I have been attending a great bible teaching church and in the last few month have come to realize that the pastor believes that we don’t receive the Holy Spirit until we are baptized. We have spoken at length and agree that when you believe on Jesus as your Savior you are saved and will spend eternity with him and the father. He says that Ephesians 1:13-14 is saying we are sealed (as in marked) for our future inheritance, but the spirit doesn’t dwell and live within us until we get baptized and that is when we receive the promise of the Father. He says the Lord’s own baptism is our example of this and in Acts 2:38 Peter placed baptism before receiving the Holy Spirit.

I think that baptism is very important and we should do it because it is commanded and it is a public display of our choice to be a follower of Christ, but I disagree with my pastor on this issue. I have studied at length and hoped you might help?


I disagree with your pastor’s interpretation on several counts. There’s no reason to believe Jesus was only prophesying about the Holy Spirit in John 20:22. It’s reasonable to assume that having first been followers of John, several of the Lord’s disciples had been baptized. But there’s nothing in the Biblical record indicating that they all were, and even those who were did not receive the Holy Spirit at the time. Neither did a baptism precede either the event in the Upper Room or the Day of Pentecost. A literal reading of Ephesians 1:13-14 clearly says the Holy Spirit was sealed within us at the moment of belief. Paul repeated this promise in 2 Cor. 1:21-22 and 2 Cor. 5:5 without mentioning baptism. Saying he thought it would be redundant to mention baptism is putting words in his mouth.

It’s important to remember that in Acts 2 Peter was speaking in the Temple to a Jewish audience who had a different understanding of baptism than we do. They had used baptism (they called it a Mikvah) for centuries as a rite of purification before the Sabbath or a marriage or some other important undertaking. The Church uses baptism as a public declaration of having been born again. So for them it preceded an important change, while for us it follows it.

Also, to say that Jesus did not possess the Holy Spirit before His baptism is tantamount to denying His deity from birth.
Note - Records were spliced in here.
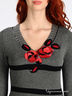 Трикотажный женский джемпер, с длинными рукавами и V-образным вырезом. Вырез оформлен в рубчик. Изделие украшено нашивками из плотного фактурного материала в виде цветов, ворот и манжеты украшены пайетками.
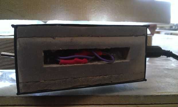 Las dos bodegas que han sido taladrados en los cables puede abeja alineados y el cable se pueden pase a través. Solde el cable positivo al interruptor primero luego el enchufe y el cable negativo hacia el enchufe. Aislar los cables y evitar que toque llena la base con pegamento caliente.
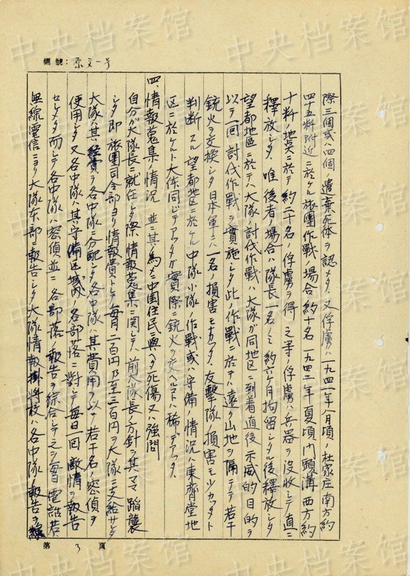 「一九四三年四月頃、宛平県外ノ南方地區(qū)ニ対スル旅団ノ作戦ニ我大隊モ參加シタガ此ノ作戦ノ際、旅団予備隊ガ同地區(qū)(東斎堂西南方約六十粁)ノ部落數(shù)個ヲ焼卻シタ」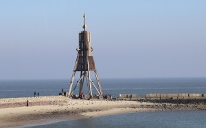 Die Elbmündung hat auf Höhe der Kugelbake eine Breite von etwa 18 km. Gleichzeitig markiert die Kugelbake den nördlichsten Punkt Niedersachsens. Symbolisch betrachtet trennt das Seezeichen das Elbe- und das Weser-Mündungsgebiet voneinander. Während der Suche spricht mich ein ein Geocacherkollege mit einer Frage an „Wenn sie einen Schreiber haben kann ich ihnen helfen!“ Beide sind wie der Meinung, dass dies unmöglich das richtige Versteck des Caches sein kann. Wir tragen uns um 12:48 ins Logbuch ein. Im Listing erklärt der Owner woher der Ausdruck Bake kommt. Der Ausdruck Bake geht auf das Mittelalter zurück, in dem alle Seezeichen – auch Leuchttürme – so genannt wurden. Sie ist das Wahrzeichen von Cuxhaven und seit 1913 im Wappen der Stadt abgebildet. Ein Vorgängerbauwerk diente noch als Leuchtturm; heute wird die Kugelbake nur noch nachts als Touristenattraktion angestrahlt.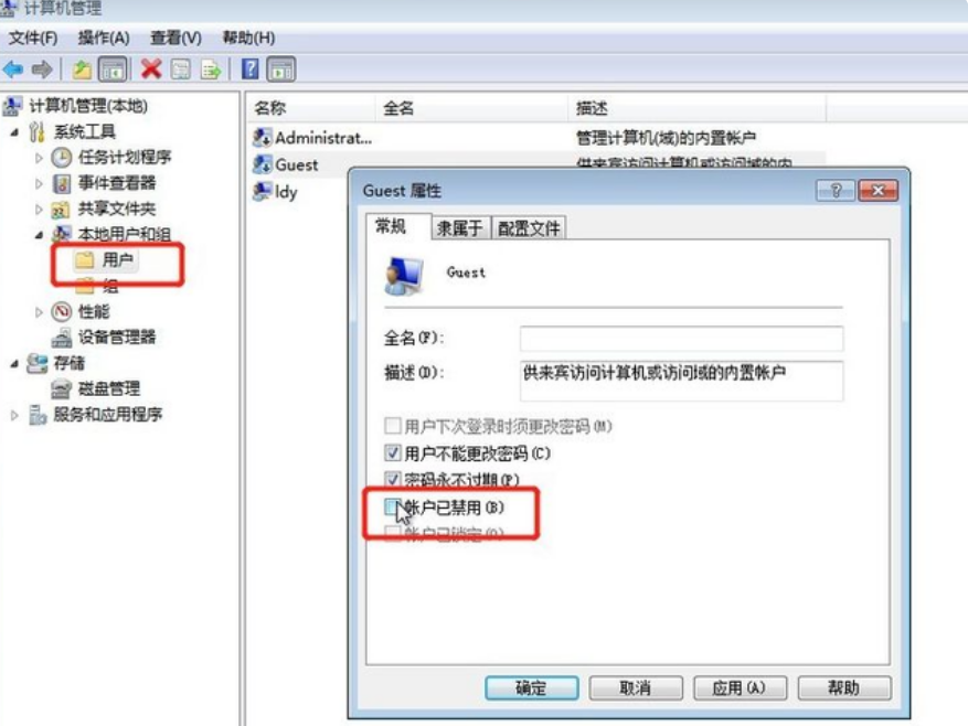 1、首先右键桌面上的计算机,然后选择管理,在弹出的【计算机管理】窗口中依次选择:系统工具、本地用户和组、用户,外媒可以找到【Guest】然后双击进去,取消勾选账户已禁用的选项。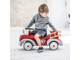 This fire-truck ride-on is equipped with real functional steering. Baby will quickly find their feet with this new car and the rubber tyres will help to keep them stable and move quietly around the house. The old-style fire trucks of the 50s inspire this ride-on. With its red chassis and its accessories, baby will be able to pretend they're a real fire fighter and imagine exciting stories. The bell is functional. Baby's imagination will be fired up as they set off on courageous missions aboard their truck!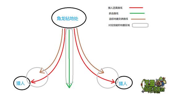 在了解了角龙的钻地攻击的流程之后,我们会发现共同之处为钻地、移动。但是在移动方面,分为定向移动、随机移动、追踪移动三种。为了区分这三种 我们需要首先要做到不贪刀,角龙钻地后与角龙保持一定距离。这个距离根据猎人的自身反应速度决定远近,如果觉得自己拿不准的当然越远越好。其次需要做的是 在跑离钻地点的路线上选择斜着跑,就是边跑边带点角度的类似于如图所示:

It would mean that before the baptism He was just an ordinary man. Remember John, who had known Jesus all His life, questioned His need for one. I believe He was being obedient to the Law by taking a mikvah at the outset of His ministry. The sign of the Holy Spirit descending upon Him was to show He was being equipped for ministry and to give an indication of His Father’s pleasure (Matt. 3:13-17).

The Holy Spirit dwells within us from the moment of belief to guide and direct us. But once in a while, He may come upon us in power to equip us for a special task or challenge. This is what happened with Jesus, it’s what happened with the disciples, and it’s what happens with us.

You and your pastor agree that this is not a salvation issue. Personally, I think if this is all you can find to disagree about, you should consider yourself blessed.